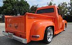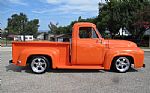 ![]() Click on the image for a larger picture. 1954 FORD F-100 It is hard to decide where to start with this beautiful Truck! First off the previous owner bought this truck at the age of 16, 48 years ago. It still has the old Black Commercial California license plates on it and it shows that it has always been a cherished prize possession. The high end paint is finished in Bright Tangerine with subtle Ghost Flames along with some quality custom pin striping and air brushed skulls for a really cool look. Other custom external modifications include a 1956 Grill, shaved door handles with remote poppers, No Limit reverse tilt hood, relocated fuel tank under the stunning wood bed floor with stainless steel inserts, LED ground effects lighting, Classic Mercury taillights, nice chrome bumpers and staggered 18 inch polished Centerline wheels all the way around. Under the hood is equally impressive with a smoothed and custom painted firewall and inner fenders which cradles a detailed and healthy small block Chevy V8 with polished ball milled valve covers and air cleaner, polished intake manifold, Edelbrock carburetor, HEI ignition, polished aluminum radiator with Electric fan, Shorty headers with performance dual exhaust, Camaro front clip, disc brakes, power steering, all new modern wiring, 700R4 automatic overdrive transmission and 10 Bolt Chevy rear differential. The power Cadillac bucket seats are wrapped in Tan leather with a center console for storage, custom smoothed and flame painted dash to match the exterior, Flaming River tilt steering column with Billet flame steering wheel, power tinted windows and Pioneer AM/FM Stereo. Also included is a partially installed Vintage A/C system which could be finished for a minimal amount and add value to this already special truck!
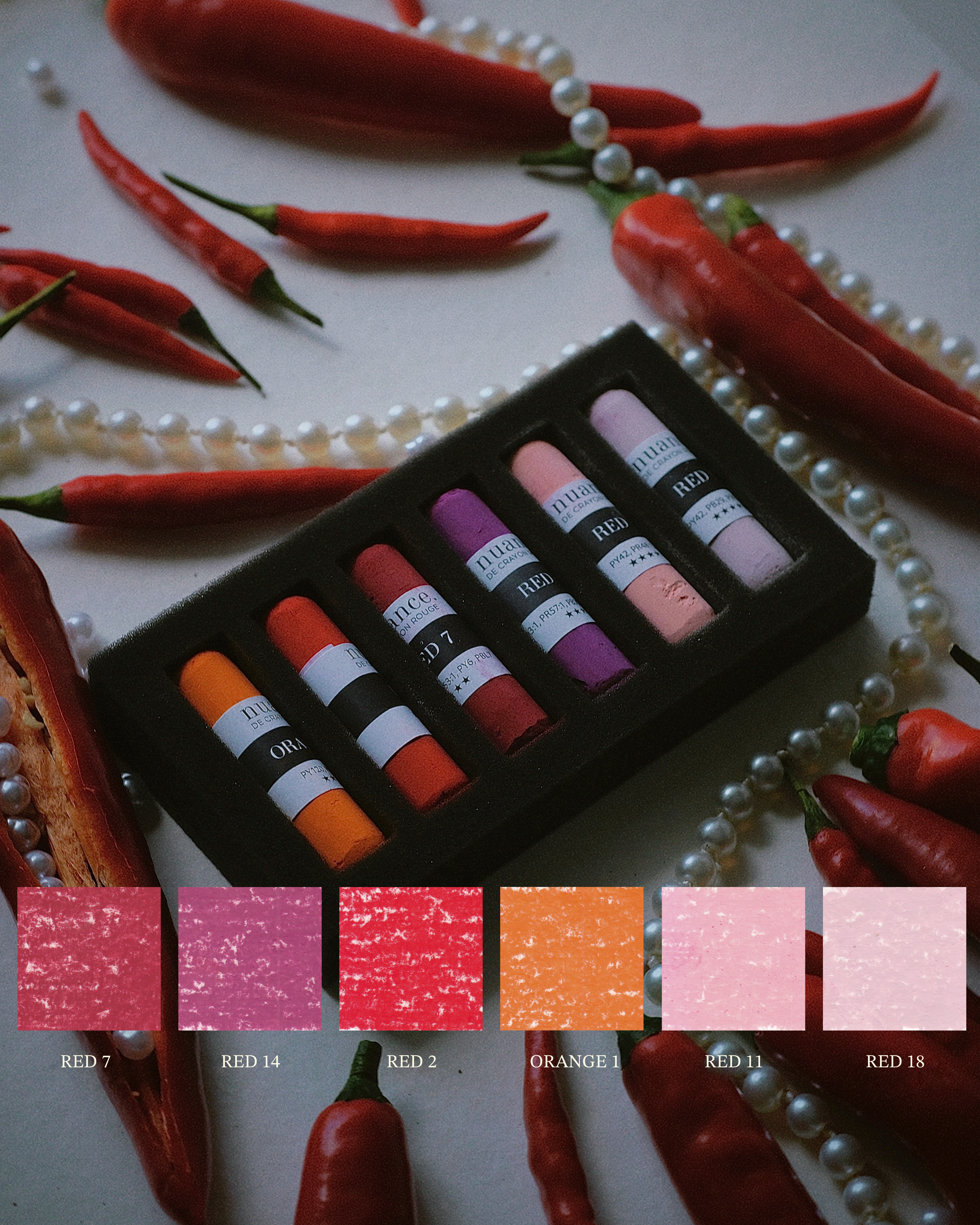 Профессиональная сухая пастель nuance. изготовлена из пигментов премиум-класса с высоким уровнем светостойкости. Мягко разносится по поверхности, позволяет создавать плавные градиенты цвета. Подходит для профессиональных и студийных работ. Рекомендуем использовать на специализированной пастельной бумаге или на пастельной абразивной бумаге nuance. В коллекцию наборов пастели nuance. вошли оттенки из существующей палитры, собранные по цветовым группам. Мелки внутри набора находятся на ложементе из поролона для удобной транспортировки. Оттенки мелков в наборе: Orange 1 ***** Red 2 ***** Red 7 *** Red 14 *** Red 11 *** Red 18 *****
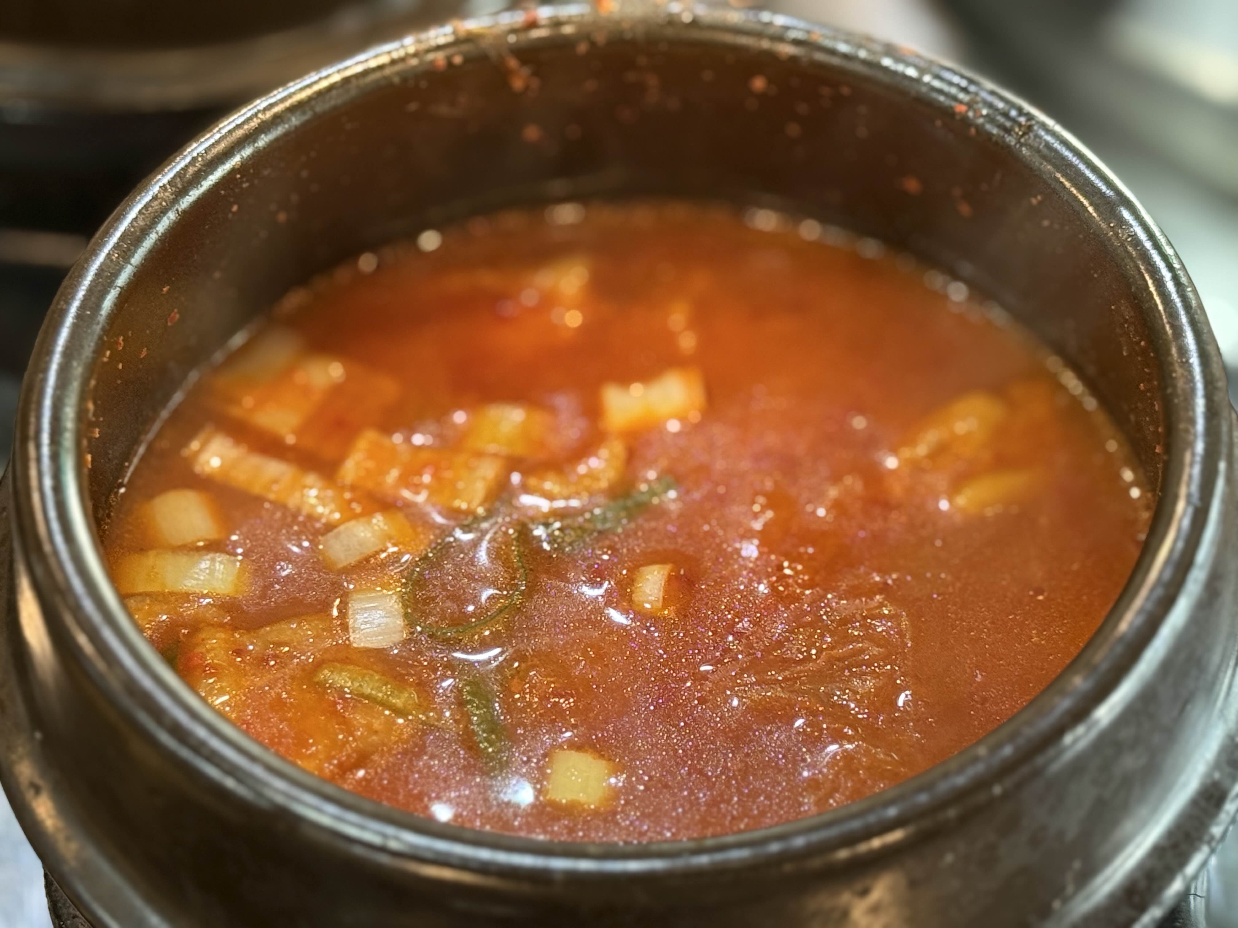 찌개에 애호박, 두북, 버섯, 고기 등 재료가 풍부하게 들어가 있었고
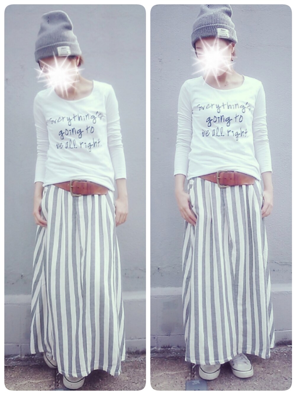 3939のスカート「ストライプマキシスカート」を使ったコーディネート
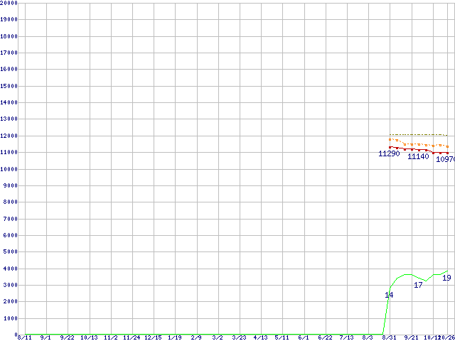 | Pentium Dual-Core E2180 (2.0GHz)の価格推移 | | | (2006年8月11日~2007年10月26日) |

-=-=-=-=-

Without the pictures, please output every record exactly.

*FINISHED TASK*
 ![]() Click on the image for a larger picture. 1954 FORD F-100 It is hard to decide where to start with this beautiful Truck! First off the previous owner bought this truck at the age of 16, 48 years ago. It still has the old Black Commercial California license plates on it and it shows that it has always been a cherished prize possession. The high end paint is finished in Bright Tangerine with subtle Ghost Flames along with some quality custom pin striping and air brushed skulls for a really cool look. Other custom external modifications include a 1956 Grill, shaved door handles with remote poppers, No Limit reverse tilt hood, relocated fuel tank under the stunning wood bed floor with stainless steel inserts, LED ground effects lighting, Classic Mercury taillights, nice chrome bumpers and staggered 18 inch polished Centerline wheels all the way around. Under the hood is equally impressive with a smoothed and custom painted firewall and inner fenders which cradles a detailed and healthy small block Chevy V8 with polished ball milled valve covers and air cleaner, polished intake manifold, Edelbrock carburetor, HEI ignition, polished aluminum radiator with Electric fan, Shorty headers with performance dual exhaust, Camaro front clip, disc brakes, power steering, all new modern wiring, 700R4 automatic overdrive transmission and 10 Bolt Chevy rear differential. The power Cadillac bucket seats are wrapped in Tan leather with a center console for storage, custom smoothed and flame painted dash to match the exterior, Flaming River tilt steering column with Billet flame steering wheel, power tinted windows and Pioneer AM/FM Stereo. Also included is a partially installed Vintage A/C system which could be finished for a minimal amount and add value to this already special truck!
 Профессиональная сухая пастель nuance. изготовлена из пигментов премиум-класса с высоким уровнем светостойкости. Мягко разносится по поверхности, позволяет создавать плавные градиенты цвета. Подходит для профессиональных и студийных работ. Рекомендуем использовать на специализированной пастельной бумаге или на пастельной абразивной бумаге nuance. В коллекцию наборов пастели nuance. вошли оттенки из существующей палитры, собранные по цветовым группам. Мелки внутри набора находятся на ложементе из поролона для удобной транспортировки. Оттенки мелков в наборе: Orange 1 ***** Red 2 ***** Red 7 *** Red 14 *** Red 11 *** Red 18 *****
 찌개에 애호박, 두북, 버섯, 고기 등 재료가 풍부하게 들어가 있었고
 3939のスカート「ストライプマキシスカート」を使ったコーディネート
 | Pentium Dual-Core E2180 (2.0GHz)の価格推移 | | | (2006年8月11日~2007年10月26日) |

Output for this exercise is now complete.